What you are asked to do:
Leave out the pictures and output exactly the lines below from the one with "Cardul lui Neymar" down to the one with "河井 鍵士朗さんを姓名の画数から五運を鑑定", both of them included.

(Stored data)
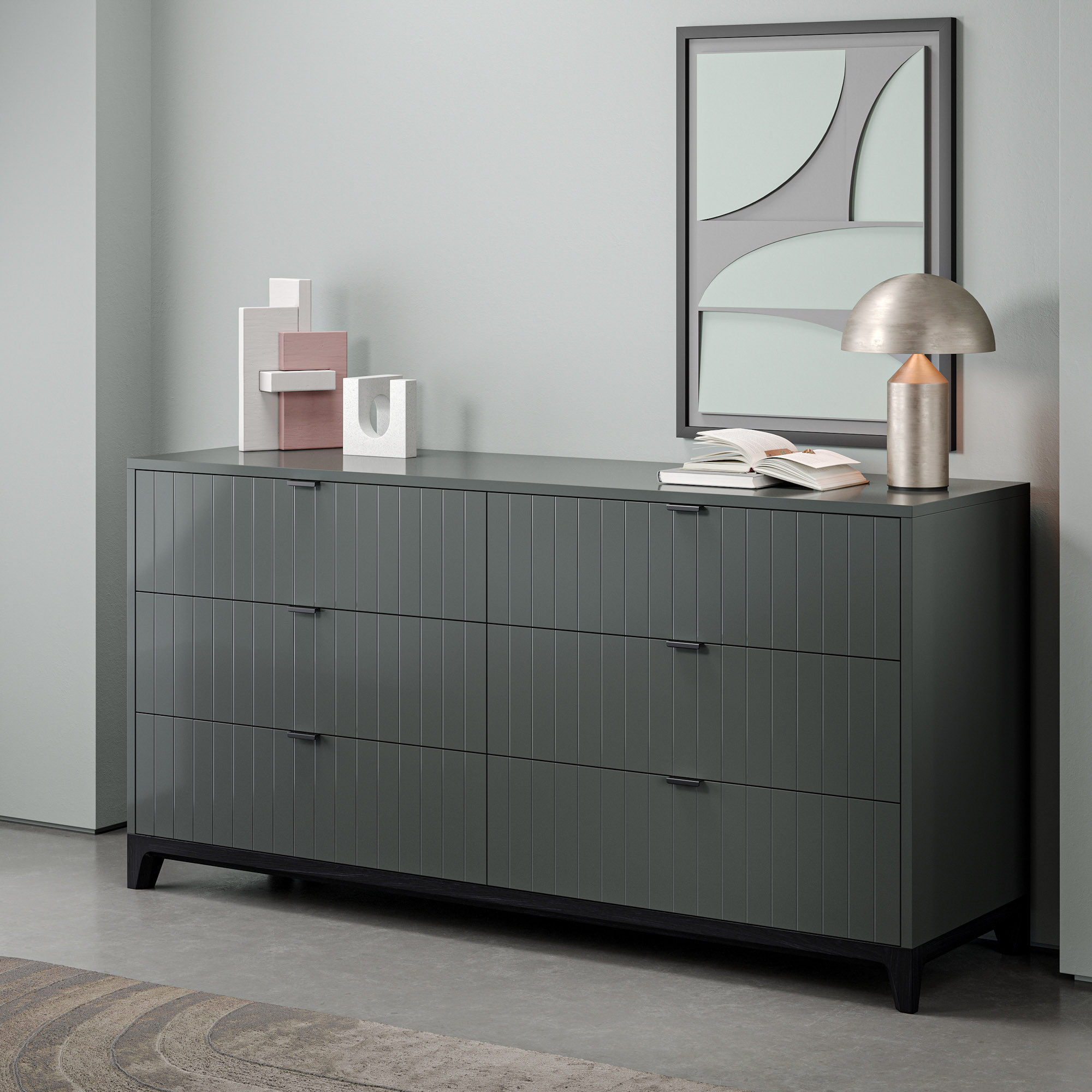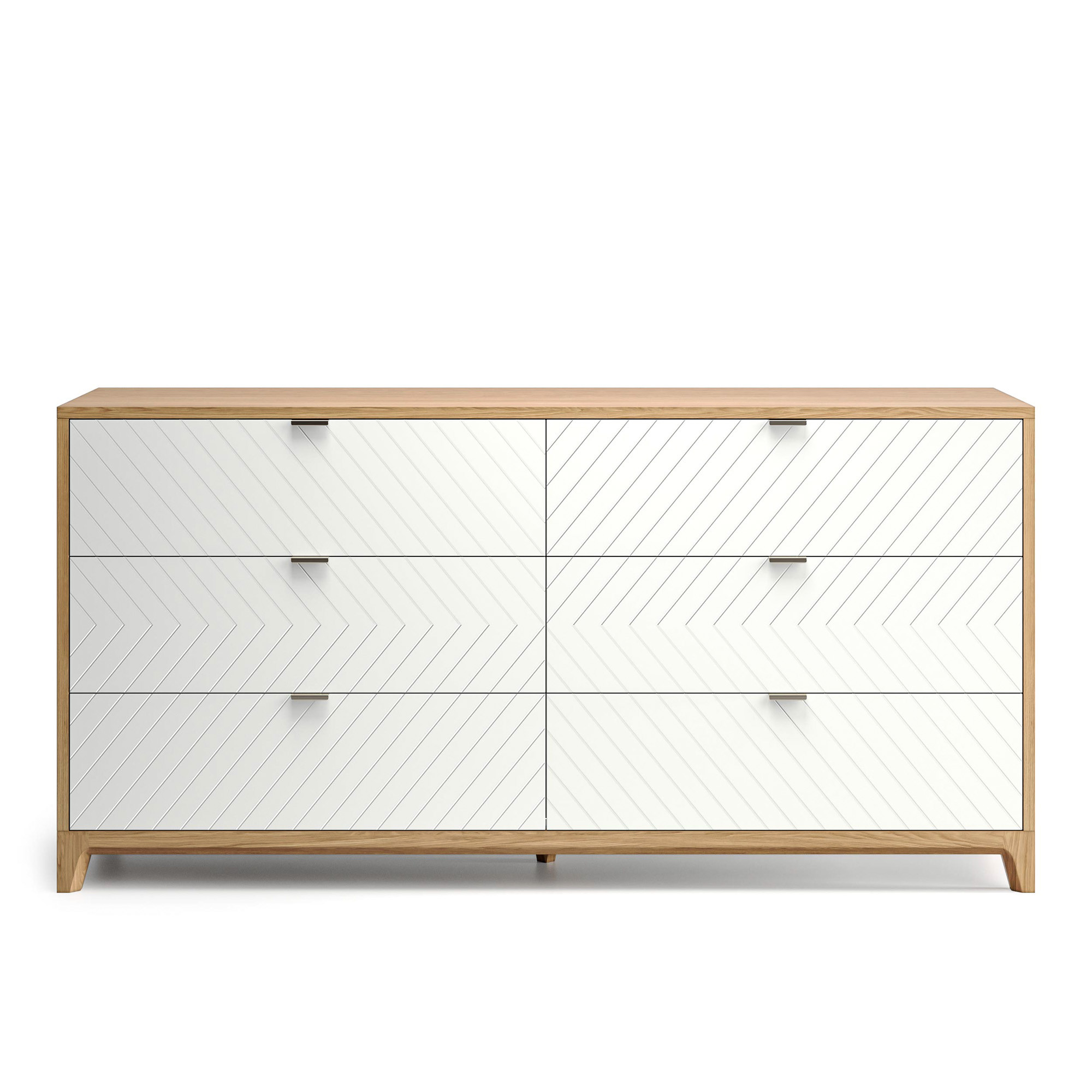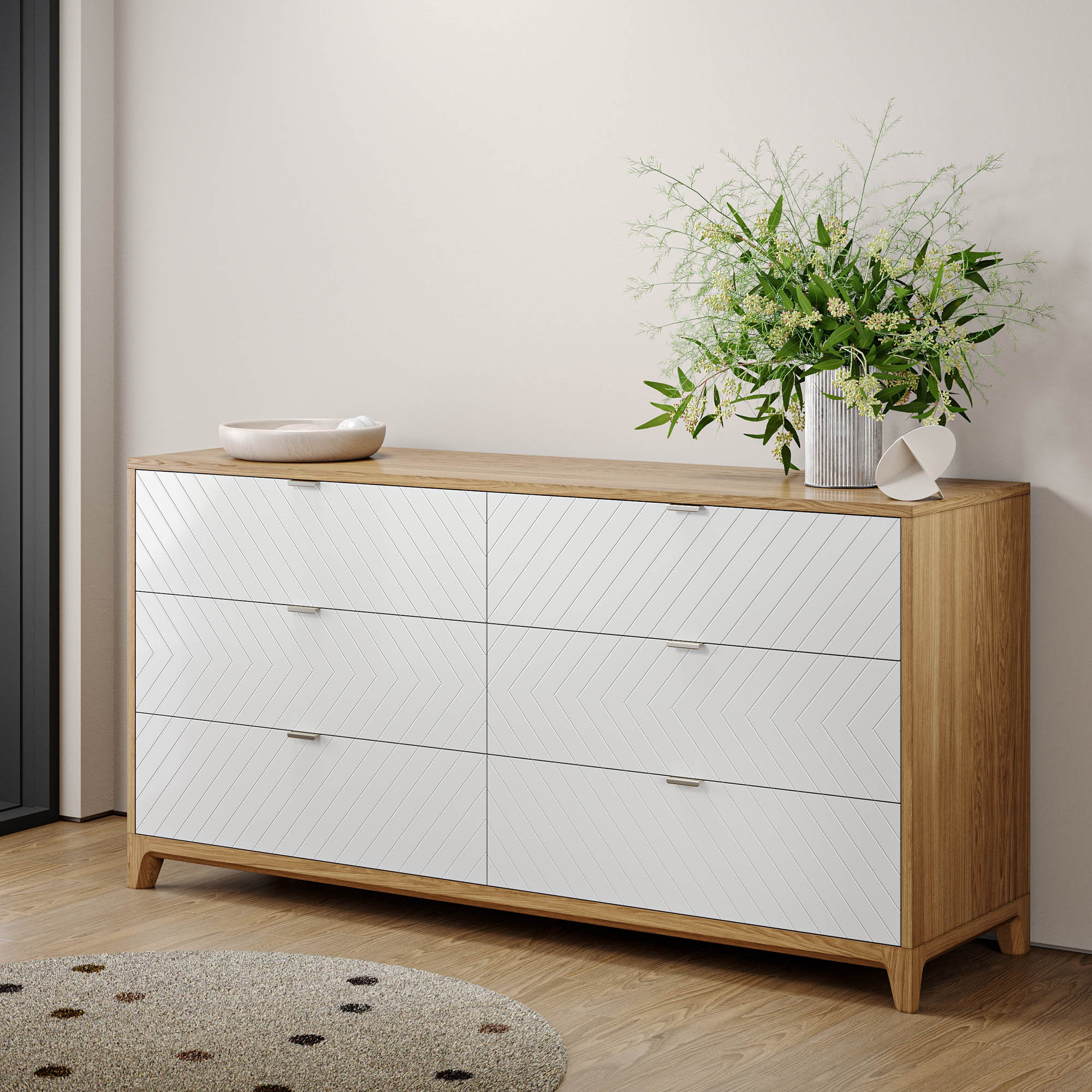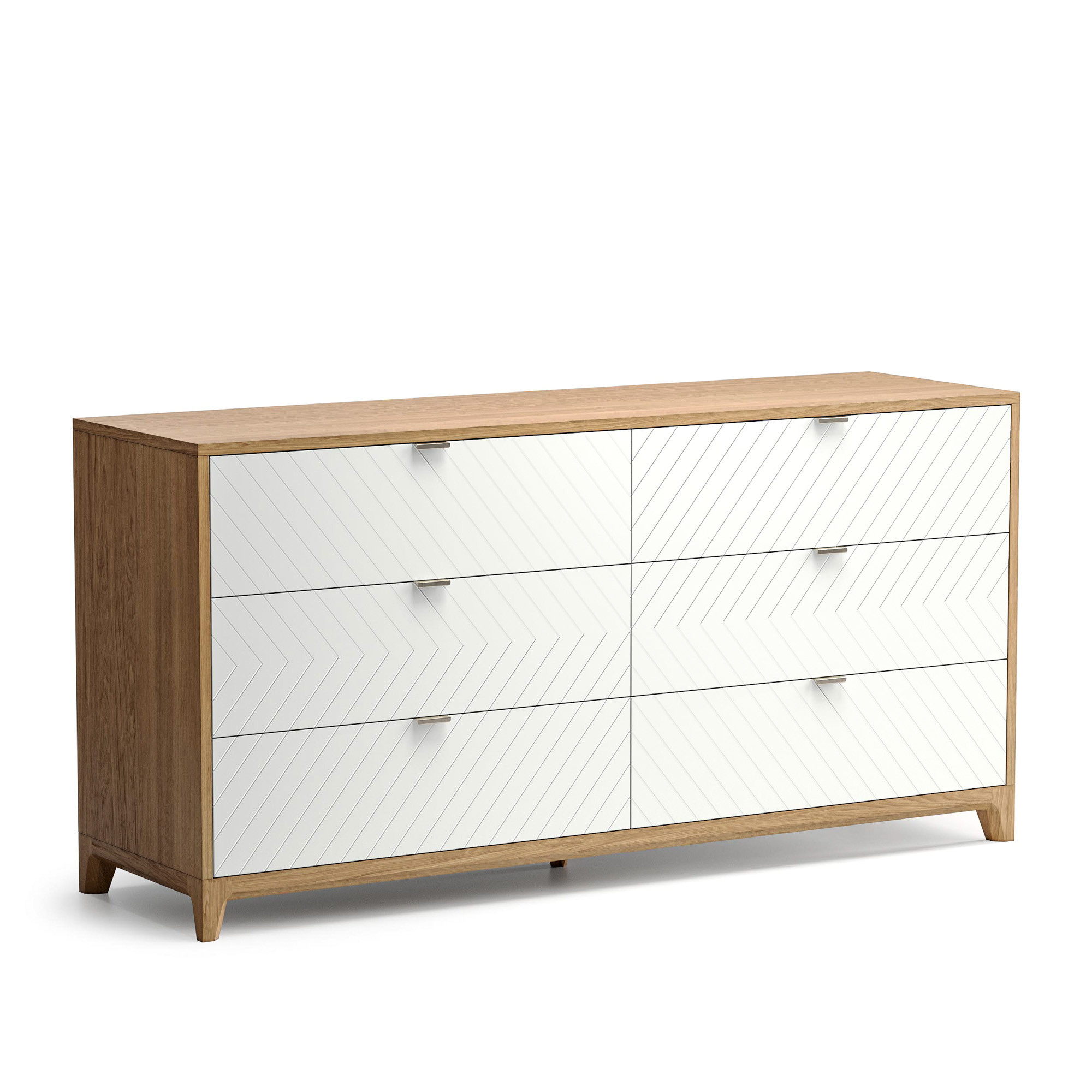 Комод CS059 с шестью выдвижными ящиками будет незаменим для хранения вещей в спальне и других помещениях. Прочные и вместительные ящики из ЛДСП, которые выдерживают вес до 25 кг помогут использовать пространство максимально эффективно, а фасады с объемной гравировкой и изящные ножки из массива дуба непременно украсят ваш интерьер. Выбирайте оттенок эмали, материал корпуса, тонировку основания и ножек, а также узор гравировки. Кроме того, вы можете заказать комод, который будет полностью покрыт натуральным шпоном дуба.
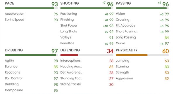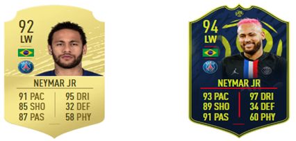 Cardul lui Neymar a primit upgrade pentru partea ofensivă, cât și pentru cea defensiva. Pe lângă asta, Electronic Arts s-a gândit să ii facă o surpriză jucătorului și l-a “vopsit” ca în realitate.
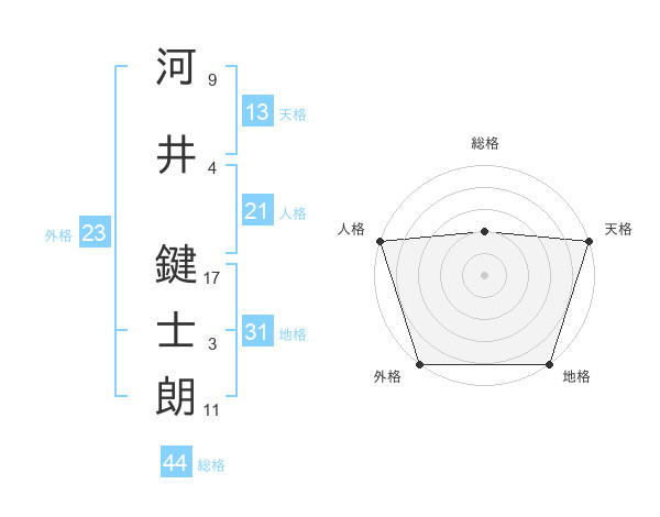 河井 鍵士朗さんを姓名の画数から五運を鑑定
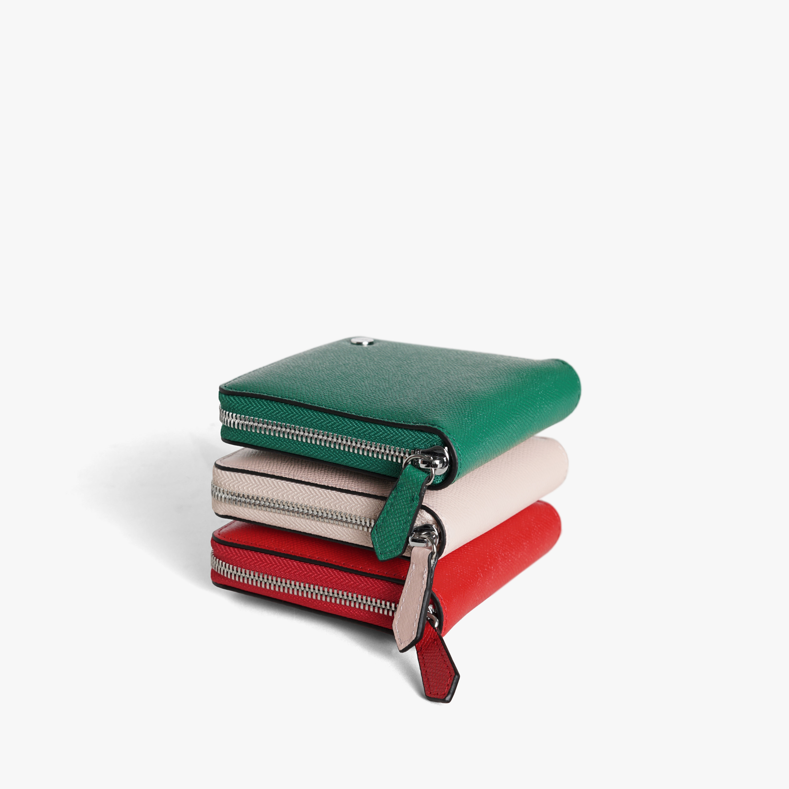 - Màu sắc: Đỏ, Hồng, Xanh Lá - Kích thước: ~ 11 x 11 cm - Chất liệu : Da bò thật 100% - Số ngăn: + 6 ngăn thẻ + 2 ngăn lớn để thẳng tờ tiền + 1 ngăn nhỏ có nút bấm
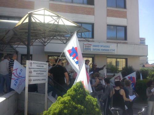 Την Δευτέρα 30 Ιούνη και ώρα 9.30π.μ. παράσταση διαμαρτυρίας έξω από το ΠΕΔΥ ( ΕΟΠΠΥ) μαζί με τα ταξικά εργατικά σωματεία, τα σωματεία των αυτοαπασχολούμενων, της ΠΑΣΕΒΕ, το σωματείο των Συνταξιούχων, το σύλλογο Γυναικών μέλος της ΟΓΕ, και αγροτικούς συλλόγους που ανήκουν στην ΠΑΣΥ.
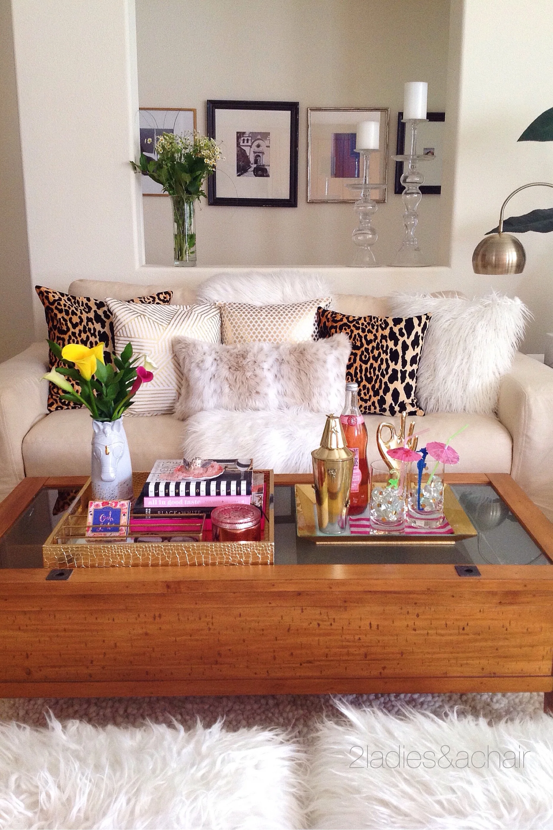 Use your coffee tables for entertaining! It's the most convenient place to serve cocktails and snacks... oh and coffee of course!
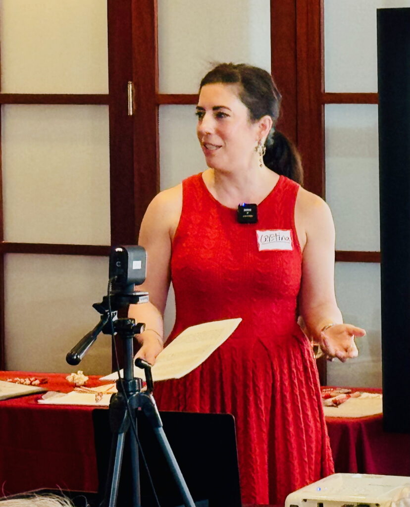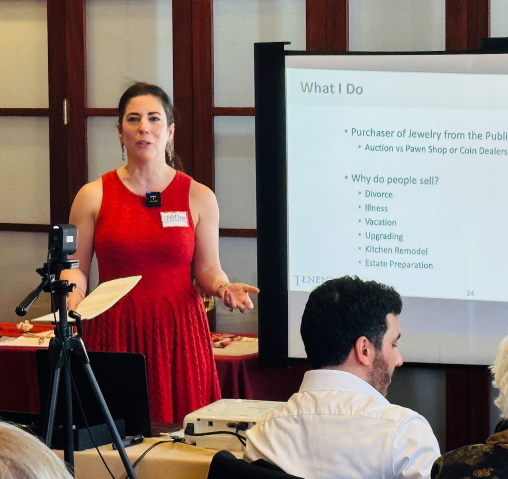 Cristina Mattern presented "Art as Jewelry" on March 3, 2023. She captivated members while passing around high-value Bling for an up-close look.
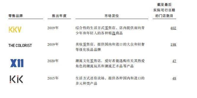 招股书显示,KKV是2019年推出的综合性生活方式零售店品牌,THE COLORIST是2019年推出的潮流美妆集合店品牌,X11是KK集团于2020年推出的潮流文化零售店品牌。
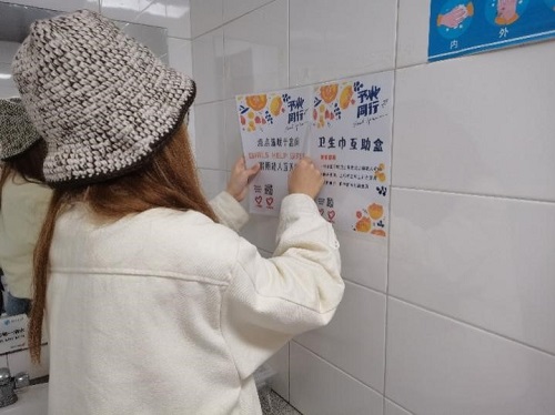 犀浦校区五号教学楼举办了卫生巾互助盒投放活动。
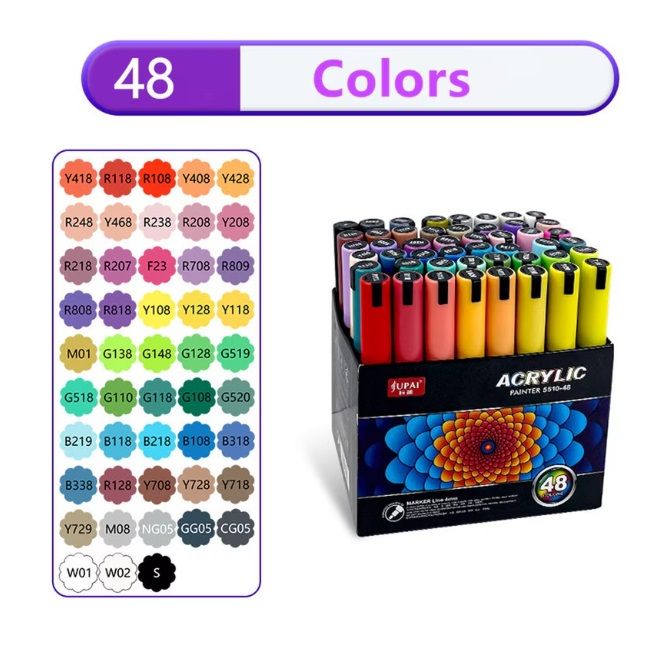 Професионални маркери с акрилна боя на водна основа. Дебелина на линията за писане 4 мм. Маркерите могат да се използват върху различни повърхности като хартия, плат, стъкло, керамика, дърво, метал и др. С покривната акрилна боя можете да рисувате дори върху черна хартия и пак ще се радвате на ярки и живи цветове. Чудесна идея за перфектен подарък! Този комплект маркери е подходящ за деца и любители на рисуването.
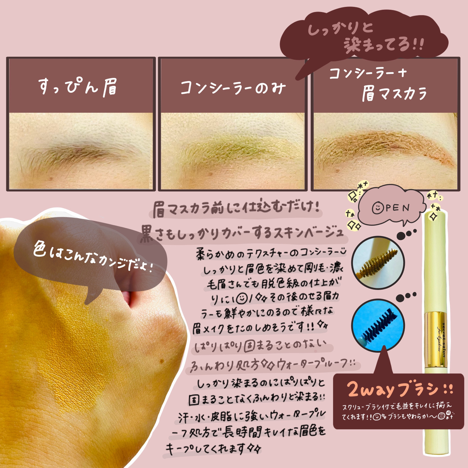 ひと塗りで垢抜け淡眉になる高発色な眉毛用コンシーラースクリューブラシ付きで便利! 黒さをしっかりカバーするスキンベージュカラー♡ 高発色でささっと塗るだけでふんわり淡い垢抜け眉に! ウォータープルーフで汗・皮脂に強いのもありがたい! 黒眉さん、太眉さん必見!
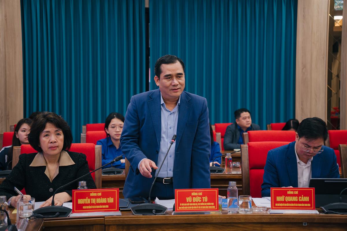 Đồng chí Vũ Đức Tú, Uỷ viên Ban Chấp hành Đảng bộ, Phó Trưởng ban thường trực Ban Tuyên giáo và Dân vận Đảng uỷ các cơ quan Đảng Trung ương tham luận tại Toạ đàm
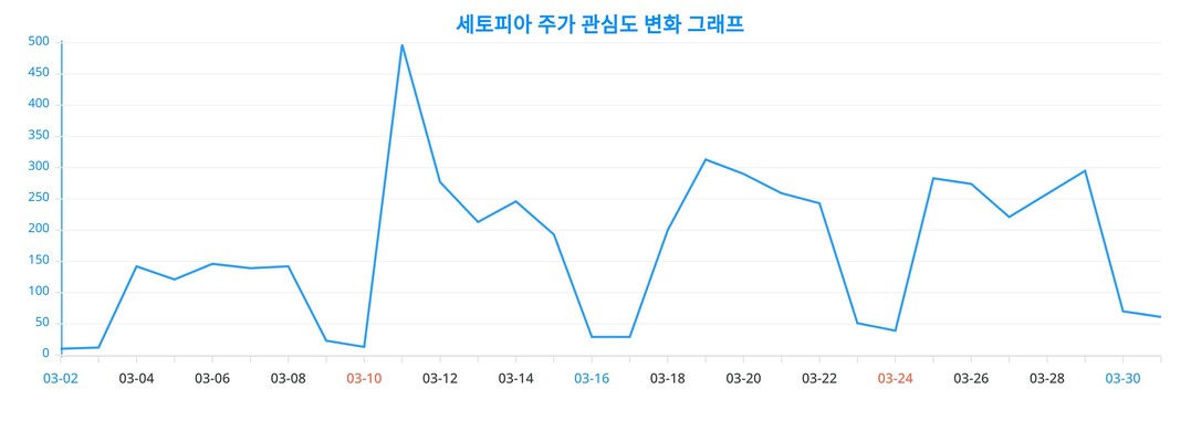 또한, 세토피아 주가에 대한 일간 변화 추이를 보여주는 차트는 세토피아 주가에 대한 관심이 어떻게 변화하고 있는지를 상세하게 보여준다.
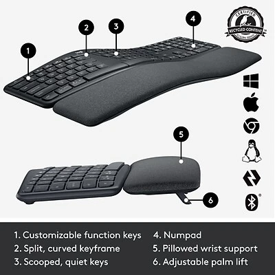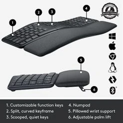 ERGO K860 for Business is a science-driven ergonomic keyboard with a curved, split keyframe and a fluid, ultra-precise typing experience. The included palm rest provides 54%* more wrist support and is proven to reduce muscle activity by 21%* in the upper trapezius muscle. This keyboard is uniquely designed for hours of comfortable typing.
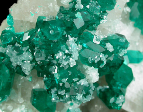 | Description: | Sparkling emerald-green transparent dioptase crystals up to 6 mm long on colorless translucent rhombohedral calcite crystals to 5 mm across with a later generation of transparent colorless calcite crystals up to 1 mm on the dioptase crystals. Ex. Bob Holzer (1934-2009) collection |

Task response:
 Cardul lui Neymar a primit upgrade pentru partea ofensivă, cât și pentru cea defensiva. Pe lângă asta, Electronic Arts s-a gândit să ii facă o surpriză jucătorului și l-a “vopsit” ca în realitate.
 河井 鍵士朗さんを姓名の画数から五運を鑑定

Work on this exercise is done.